■在宅ワークとは

在宅ワークとは、会社などに所属しない個人事業主が、パソコンなどの情報通信機器を使って自宅で仕事を行う業務形態のことです。会社に雇用されている会社員が自宅で仕事をするケースは「在宅勤務」と呼ばれ、在宅ワークとは区別されます。

仕事を依頼する注文者と、その仕事を引き受ける在宅ワーカーは、請負契約を結び、在宅ワーカーが仕事を完成させた時点で注文者が報酬を支払うという形の契約になります。在宅ワーカーは、仕事を完成させることに対して責任がありますので、ミスがあった場合は、補修や損害賠償の義務が生じることになります。

■内職との違い

自宅で仕事を行う内職と在宅ワークは同じものだと思われがちですが、内職は、委託を受けて物品の製造や加工を行う業務形態のことを指します。内職に対しては「家内労働法」という法律が適用されており、最低工賃が決められていたり、工賃の支払いが1ヶ月以内と定められていたりと、労働環境について保護されています。

また、在宅ワークは、仕事の受注、納品は全てインターネット上で行われることが前提であり、原稿を元に入力作業を行い、提供された外部記憶媒体(CD-R/CD-RWなど)に保存して納品する場合は、内職と同じ「家内労働」扱いになります。

■在宅ワークのガイドライン

内職などの家内労働に比べ、在宅ワークは、今のところ「在宅ワークの適正な実施のためのガイドライン」が発行されている程度で、法律はありません。契約上のトラブルがあった場合は、全て自己責任となります。

請負契約は、当事者双方が合意すれば成立しますので、必ずしも契約書を作成する必要はありませんが、口約束で終わらせてしまうと、裁判になった時などに契約内容を証明するものがなく、不利になる可能性がありますので、契約書は必ず作成するようにしましょう。

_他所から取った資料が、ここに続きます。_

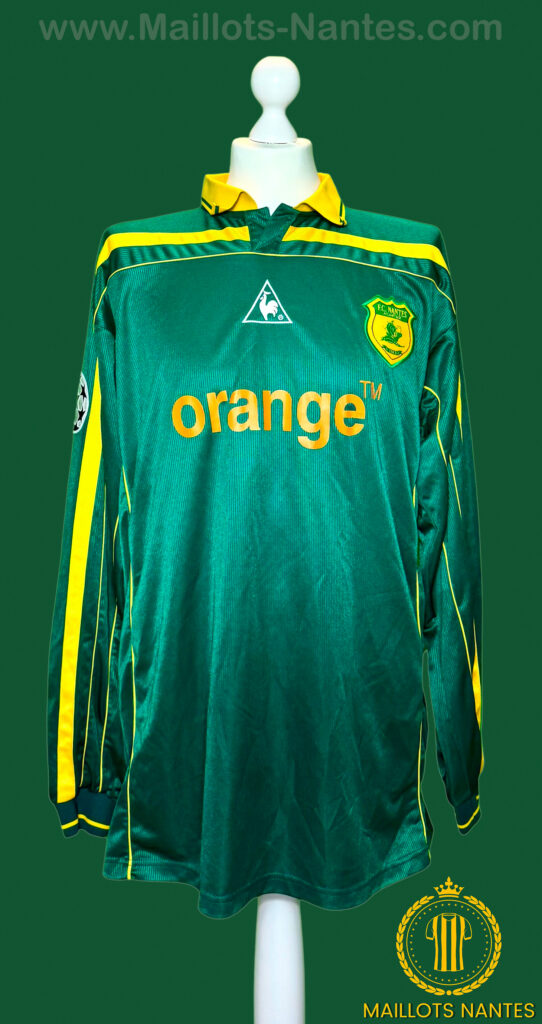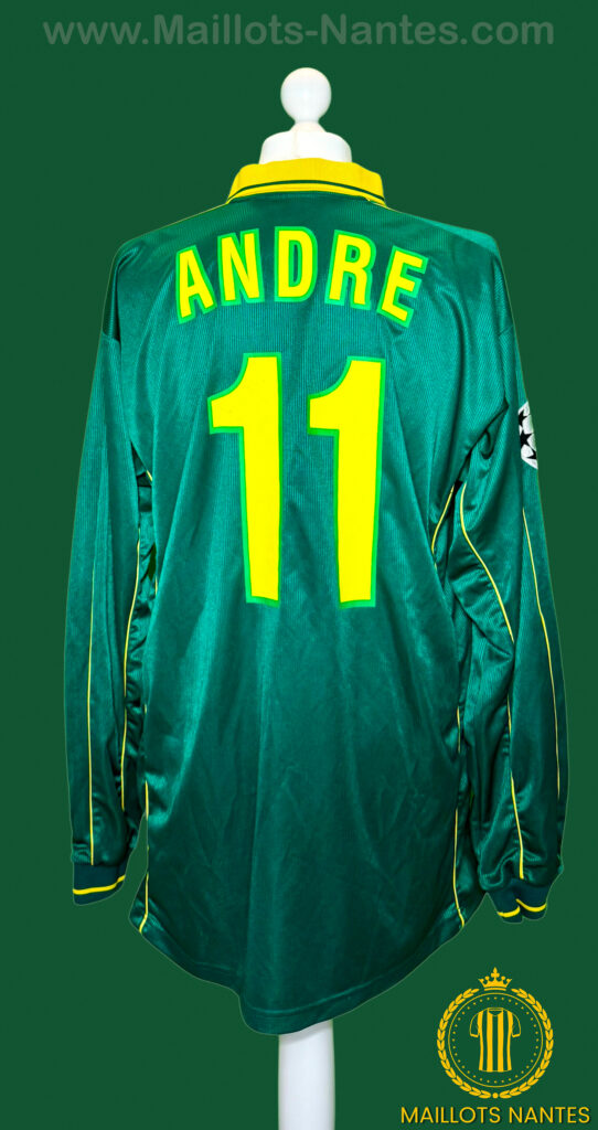 Ce maillot du FC Nantes a été porté par Pierre-Yves André lors de la mémorable campagne de Ligue des Champions2001/2002. Le joueur a privilégié les manches longues pour plusieurs rencontres : à Eindhoven contre le PSV, lors des deux affrontements face à Manchester United, ainsi qu’à la Beaujoire lors du match contre Boavista. Un maillot chargé d’histoire, symbole d’une compétition prestigieuse pour les Canaris.

ガイドラインでは、注文者が在宅ワーカーに仕事を依頼する時に守るべき事項として、以下のような内容が記載されています。

・契約条件の文書明示および3年間保存義務について

 契約書では、次の①~⑩の事項を明らかにしておくこと。
 ①注文者の氏名、所在地、連絡先
 ②注文年月日
 ③仕事の内容
 ④報酬額、報酬支払期日、支払方法
 ⑤注文者が負担する経費の範囲
 ⑥成果物の納期、納品先、納品方法
 ⑦契約締結後に契約条件を変更する場合の取扱い
 ⑧成果物が納期に間に合わなかった場合や補修が必要な場合の取扱い
 ⑨成果物に著作権などが与えられる場合の取扱い
 ⑩個人情報を取り扱う場合の安全管理に関する事項

・報酬の支払期日、報酬額の適正化について
・半年以上続いている注文を打切る場合の事前予告について
・成果物が不完全であったことなどによる損害発生時の責任範囲について

上記に示した以外にも、在宅ワーカーに有益となる記載がありますので、これから在宅ワークを始めようとする方、既に在宅ワーカーである方も、一度ガイドラインの内容を確認されておくことをお勧めします。